Task brief -> If the records include pictures, omit them and set down everything else verbatim.

Information shown ->
Start of Block

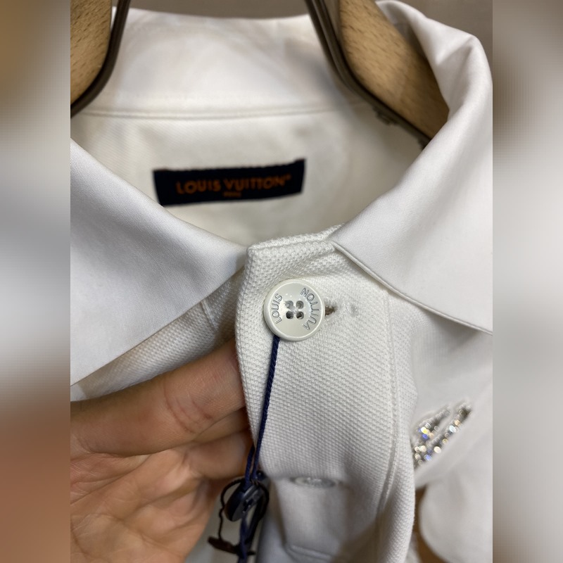 1V Louis 2024FW pique fabric, interpreting the dandy style of the 2024 Spring/Summer runway. The 1V patch on the chest is embroidered with rhinestones and beads, and the Marque 1.Vuitton embroidered patch on the back can inject a trendy touch to the casual look.
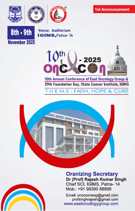 East Oncology Group Organize every year two days National conference every year i.e. ONCOCON. 7th National Conference organized successfully by this group. Every year we focus conference on different theme. In all conference many National and International Faculty participate in ONCOCON. We always focus on Faculty and interesting topic.
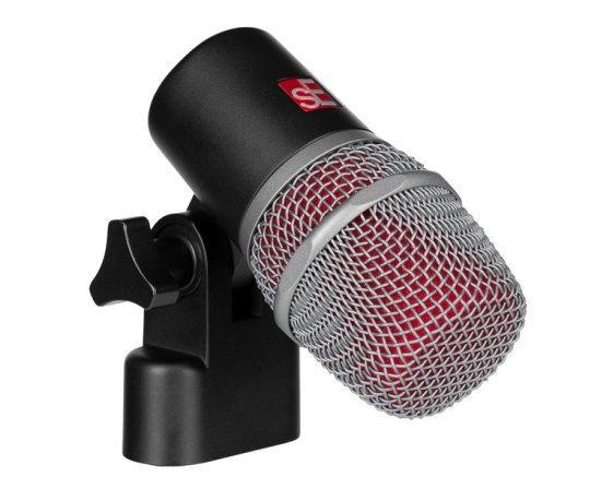 sE electronics V Beat – instrumentalni mikrofon V BEAT is the most compact drum microphone in its class, intended for use with snare or tom drums. Tuned for instrumental use, it can also be used on sources such as electric guitar speaker cabinets or brass instruments. Unique, patented integrated capsule suspension All-metal housing & spring steel grille with gold XLR connector Internal windscreen
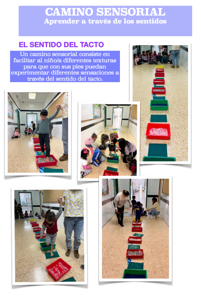 Los niños y niñas de 3 y 4 años hemos jugado con el sentido del tacto a través de este divertido camino sensorial. Con nuestros pies hemos sentido muchas sensaciones interesantes: la suavidad de la arena, la viscosidad de las bolas de hidrogel, la aspereza de los estropajos, el frio del hielo o el calor del agua. Nos lo hemos pasado genial…
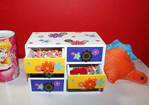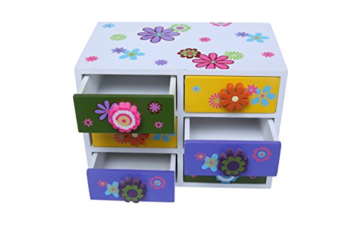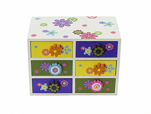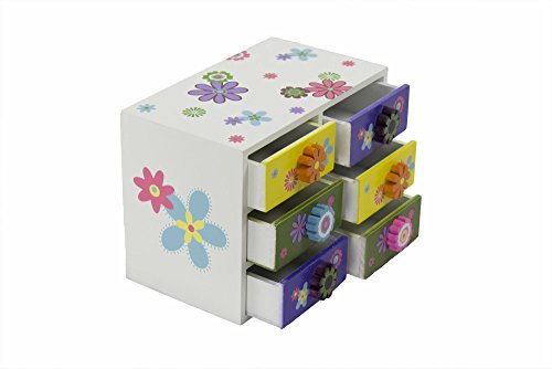 -. Binding : Office Product -. Brand : Juvale -. Color : white -. Department : girls -. EAN : 0096362212656 -. Feature : Constructed of sturdy wood this compartment chest is durable and has a beautiful paint finish / Put away your kids jewelry, hair supplies, or any other small accessory / The perfect gift for your little P.R.Incess on any occasion / The box comes with 6 drawers to store all your kids knick knacks / Dimensions: 8 x 4.5 x 5.5 inches -. IsAdultProduct : 0 -. Label : Juvale -. Manufacturer : Juvale -. PackageQuantity : 1 -. ProductGroup : Toy -. ProductTypeName : TOYS_AND_GAMES -. Publisher : Juvale -. Studio : Juvale -. Title : Wooden Jewelry Box / Kids Jewelry Box - 6 Drawer Colorful Flower Jewelry Box Case For Necklaces, Rings, Bracelets - 8 x 4.5 x 5.5 Inches -. UPC : 096362212656

End of Block

Task answer ->
 1V Louis 2024FW pique fabric, interpreting the dandy style of the 2024 Spring/Summer runway. The 1V patch on the chest is embroidered with rhinestones and beads, and the Marque 1.Vuitton embroidered patch on the back can inject a trendy touch to the casual look.
 East Oncology Group Organize every year two days National conference every year i.e. ONCOCON. 7th National Conference organized successfully by this group. Every year we focus conference on different theme. In all conference many National and International Faculty participate in ONCOCON. We always focus on Faculty and interesting topic.
 sE electronics V Beat – instrumentalni mikrofon V BEAT is the most compact drum microphone in its class, intended for use with snare or tom drums. Tuned for instrumental use, it can also be used on sources such as electric guitar speaker cabinets or brass instruments. Unique, patented integrated capsule suspension All-metal housing & spring steel grille with gold XLR connector Internal windscreen
 Los niños y niñas de 3 y 4 años hemos jugado con el sentido del tacto a través de este divertido camino sensorial. Con nuestros pies hemos sentido muchas sensaciones interesantes: la suavidad de la arena, la viscosidad de las bolas de hidrogel, la aspereza de los estropajos, el frio del hielo o el calor del agua. Nos lo hemos pasado genial…
 -. Binding : Office Product -. Brand : Juvale -. Color : white -. Department : girls -. EAN : 0096362212656 -. Feature : Constructed of sturdy wood this compartment chest is durable and has a beautiful paint finish / Put away your kids jewelry, hair supplies, or any other small accessory / The perfect gift for your little P.R.Incess on any occasion / The box comes with 6 drawers to store all your kids knick knacks / Dimensions: 8 x 4.5 x 5.5 inches -. IsAdultProduct : 0 -. Label : Juvale -. Manufacturer : Juvale -. PackageQuantity : 1 -. ProductGroup : Toy -. ProductTypeName : TOYS_AND_GAMES -. Publisher : Juvale -. Studio : Juvale -. Title : Wooden Jewelry Box / Kids Jewelry Box - 6 Drawer Colorful Flower Jewelry Box Case For Necklaces, Rings, Bracelets - 8 x 4.5 x 5.5 Inches -. UPC : 096362212656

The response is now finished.